The queue implementation that blocks on an empty queue is fine if inserting into the queue is still lock-free, ie, your insert operation eventually completes or makes progress regardless of if a reader is spinning on the lock that allows you to pop a value from the queue.
That means, while the popping of a value is locking, inserting is not. Hence the mutex locking the read does not turn the queue into a locking algorithm.
I think it's saying that not _all_ blocking operations are inherently disqualifying. That doesn't mean that some (like acquiring a shared mutex) are allowed though.
> your worst enemy could simply never schedule that thread again
That seems too extreme to me. If the scheduler itself is potentially malicious, then no multi-threaded implementation is safe, since we can't assume that any thread we start will ever actually run.
If the properties of concern for your thread or program are only safety properties (“never does a bad thing”) then the fact that the program may never do anything at all is just fine!
Then, if you want some liveness properties (“eventually does something good”) you’ll need to embed some assumption about fairness/scheduling/progress just as you’ve said!
This appears in early concurrency literature (TLA etc which I can’t be bothered to look for)
Remembering that you are your own worst enemy, what this implies is that some other perfectly sane decision you made in the past has come to bite you in the arse.
Alistarh et al. (https://arxiv.org/abs/1311.3200) show that assuming we have a kinder, non-malicious scheduler, the situation looks even better: lock-free (some process can make progress) algorithms have a stronger progress property of being wait-free (every process can make progress).
As omazurov mentioned as a top-level comment, threads can also die, which is rather like never being scheduled. In practice, I suspect that you're right that it's often too extreme of a model—many programs use locks and don't worry too much about this issue.

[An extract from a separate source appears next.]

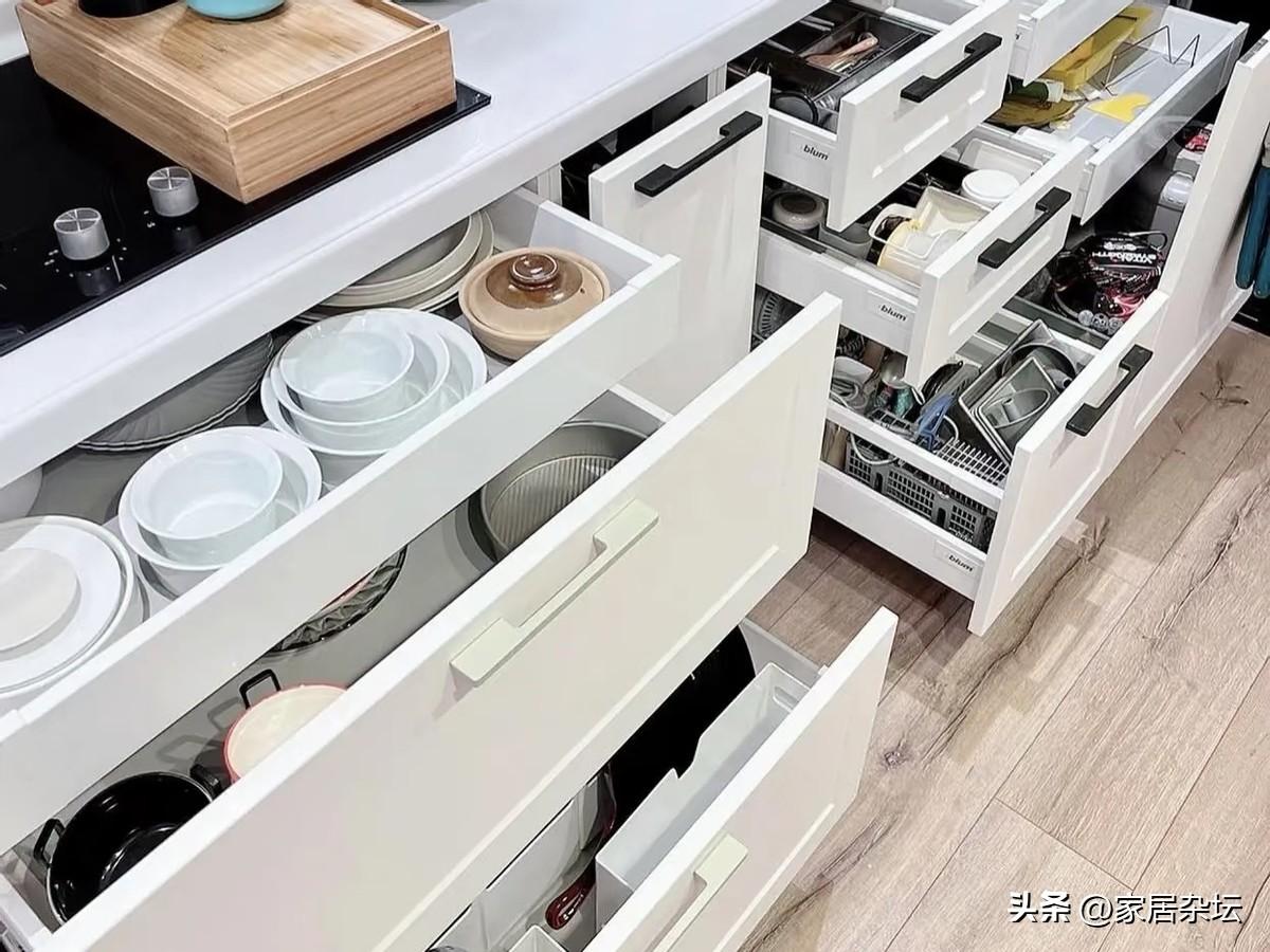 廚房的地櫃,建議大家能不做就不做,而是使用抽屜來代替。你會發現它的收納能力不僅是翻倍,而且幾乎廚房所有的東西幾乎都能收納進去。
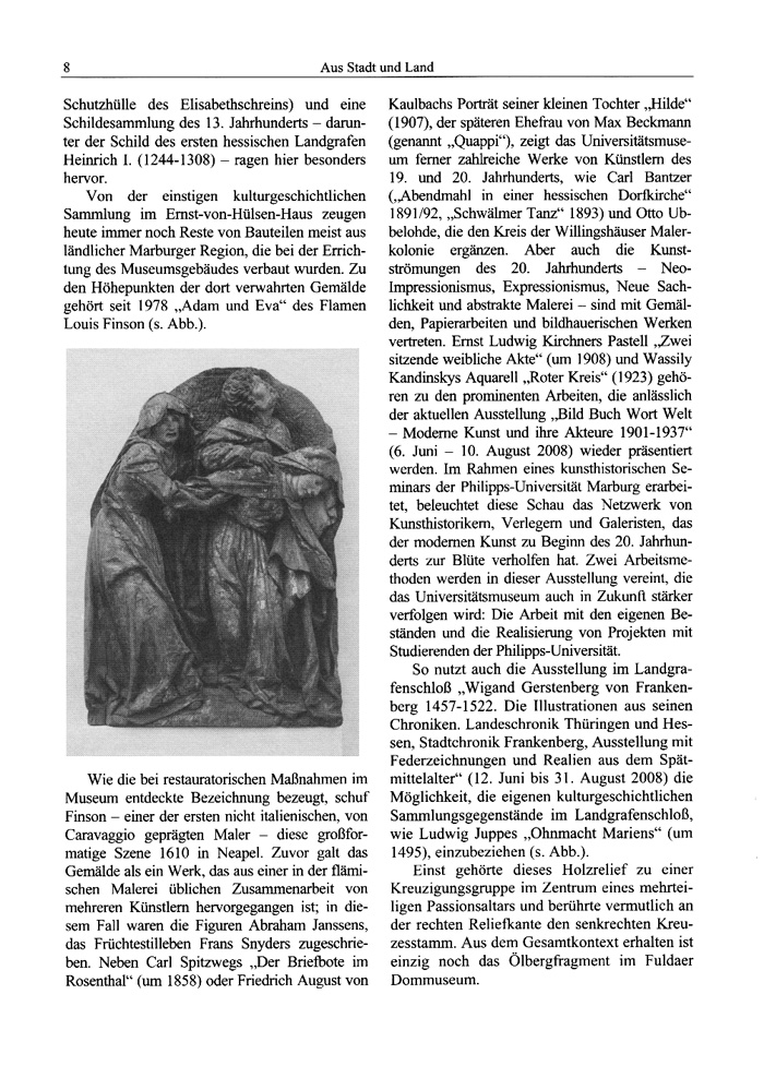 So nutzt auch die Ausstellung im Landgrafenschloß „Wigand Gerstenberg von Frankenberg 1457-1522. Die Illustrationen aus seinen Chroniken. Landeschronik Thüringen und Hessen, Stadtchronik Frankenberg, Ausstellung mit Federzeichnungen und Realien aus dem Spätmittelalter" (12. Juni bis 31. August 2008) die Möglichkeit, die eigenen kulturgeschichtlichen Sammlungsgegenstände im Landgrafenschloß, wie Ludwig Juppes „Ohnmacht Mariens" (um 1495), einzubeziehen (s. Abb.).

"Malice" doesn't need to come into play. A thread could simply be waiting in line behind a non-preemptible thread which does not relinquish the CPU due to a bug.
One real-world example is assuming that the audio thread (scheduled at realtime priority if possible) is guaranteed to run, while the GUI thread may or may not run, or get descheduled at any point. Even if the GUI thread locks up (for example the user is resizing the window), the audio thread should not stop producing sound.

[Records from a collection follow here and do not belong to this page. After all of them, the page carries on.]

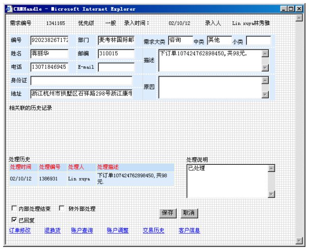 客戶向麥考林定購商品的最常用途徑就是電話訂貨,客戶撥打麥考林服務(wù)熱線進(jìn)入客服系統(tǒng)。系統(tǒng)會根據(jù)客戶的主叫號碼對客戶進(jìn)行識別,如果識別成功,座席代表屏幕上會自動彈出客戶資料和以往訂貨記錄;如果識別失敗,座席代表可以根據(jù)客戶通報的客戶代碼或姓名等信息查詢客戶資料。如果是新客戶,座席代表可以立即為他創(chuàng)建客戶檔案。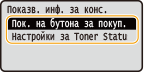 <Пок. на бутона за покуп. на конс. (ОПИ)> <Изкл.> <Вкл.>  <Настройки за Toner Status> <Изкл.> <Вкл.>  <Пок. на бутон за покуп. конс.> <Изкл.> <Вкл.>  |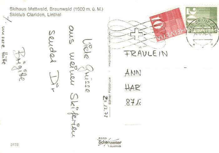 13921138 alte Postkarte Braunwald GL Skihaus Mattwald Skiclub Clariden Linthal postalisch gelaufen Erhaltung siehe scans [FriedD77] KatCode: 11470090300864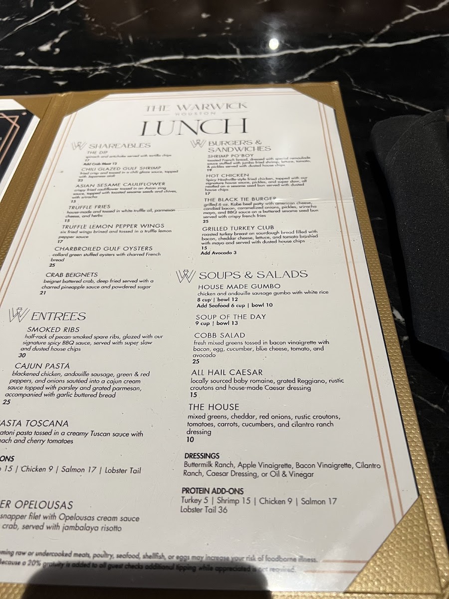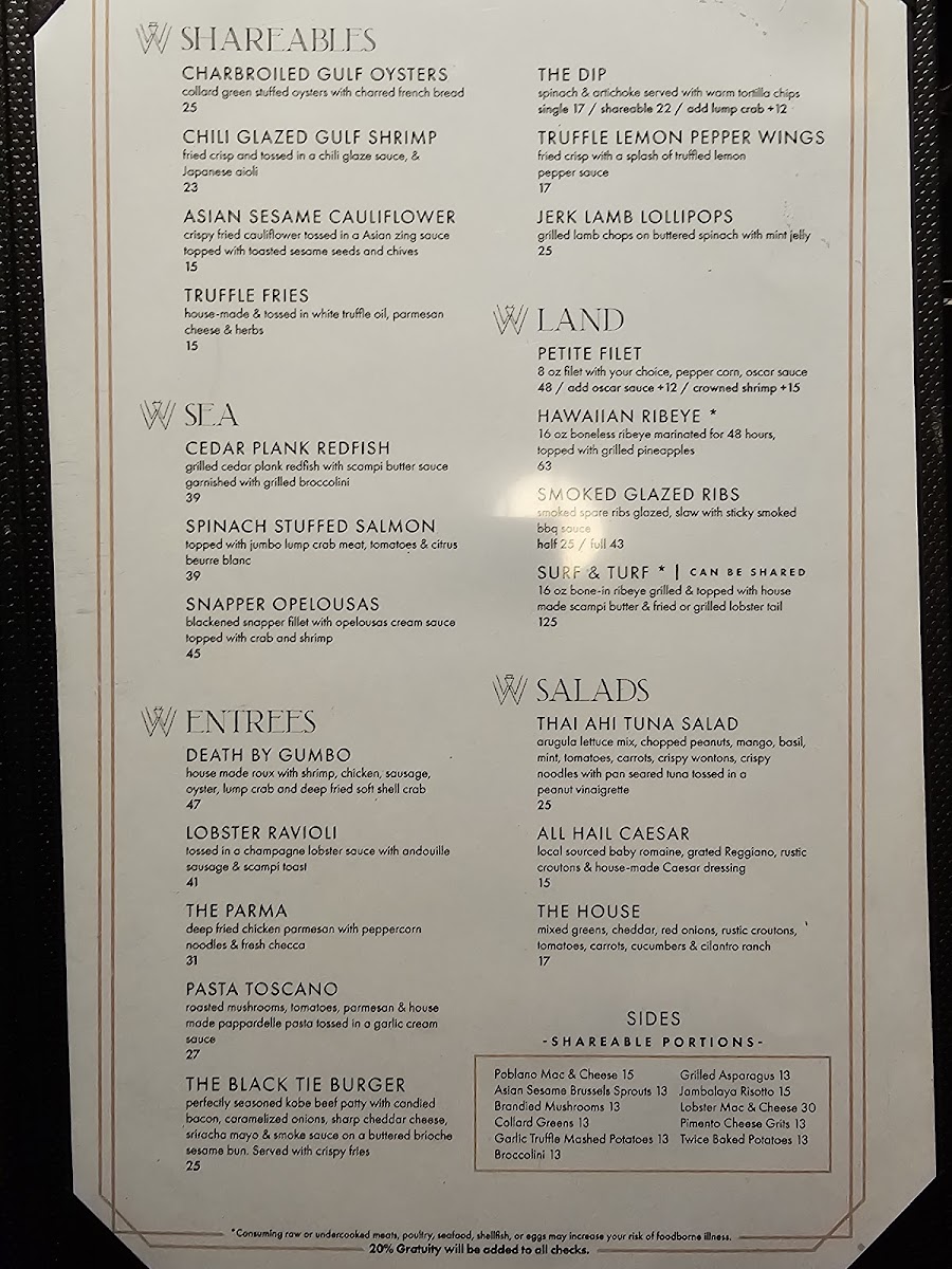 The menu highlights include thoughtfully prepared dishes like the snapper Orleans, truffle fries, and Warwick fried chicken & waffles, alongside seasonal shareables such as artichoke spinach dip and chili glazed gulf shrimp. These dishes often pair well with handcrafted cocktails like the chocolate cake martini, offering a balanced experience between comfort and sophistication.

To be more precise... I like to use single-writer ring buffers. (Technically you could say they are a sort of lock-free queue. But there is little to go wrong in a ring buffer.) Mainly, I reduce coupling enough that taking the occasional mutex is not a noticeable drain. Explicit mutex locking is less prone to obscure heisenbugs than lock-free techniques.
What I rip out are queues treated as if "lock-free" coupling were free. It's not free; it is at least 50 cycles, each interaction. Nowadays you can get a hell of a lot of work done in 50 cycles. Each "lock-free" operation engages bus-level interactions more like a mutex than not, so it doesn't buy what you hope.
To reduce coupling, you increase batching. Instead of one event per interaction, do ten, or fifty.
Most "lock-free" implementations you find are not portable off of x86 systems, which have a much more forgiving memory model than, say, ARM. You think you were careful, but the system is better at finding your mistakes than you are.